Ever knapped any glass Jerry? Have a friend in ND that got into that. He worked with plate glass in construction many many years until someone dropped a sheet of plywood several stories up on a job, and it hit him in the neck. Now has 4-5 vertebrae in his neck fused together, can't turn his head. Was a good excuse to crawl into the bottle, for him. But, he took up knapping to consume some of his time and generate cash while waiting on his disability to be approved. Some of the glass he knapped was absolutely beautiful.


----------



## Nubsnstubs (Dec 9, 2018)

rocky1 said:


> You bring the flint! I'll find horn to knap with!!
> 
> Ever knapped any glass Jerry? Have a friend in ND that got into that. He worked with plate glass in construction many many years until someone dropped a sheet of plywood several stories up on a job, and it hit him in the neck. Now has 4-5 vertebrae in his neck fused together, can't turn his head. Was a good excuse to crawl into the bottle, for him. But, he took up knapping to consume some of his time and generate cash while waiting on his disability to be approved. Some of the glass he knapped was absolutely beautiful.

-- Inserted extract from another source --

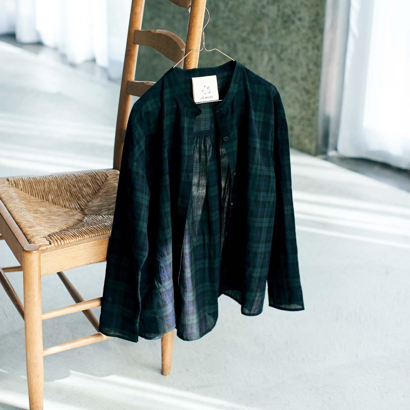 【NEW】el:ment 軽やかに播州織をまとう 繊細やわらかローン生地のバックギャザー羽織(はお)りシャツ〈ブラックウォッチ〉

 Yep, Panasonic 32" tube TV has 1" thick screen glass. Made a 15 3/4" blade from it......... have 2 very large tube TV's near one of my wood stash piles taking up valuable space..... Jerry (in Tucson)

Reactions: Like 1


----------



## rocky1 (Dec 9, 2018)

Bryce had some black glass that was somewhere in the 1/2" thick range he knapped a knife blade out of, as well as several arrow heads. The knife was absolutely amazing, he wanted a bit more than I wanted to spend on it, but it was definitely worth more.


----------



## Bean_counter (Dec 10, 2018)

rocky1 said:


> How come you got all them horn tips Eric?



Sure looks like antler tips to me

Reactions: Agree 1


----------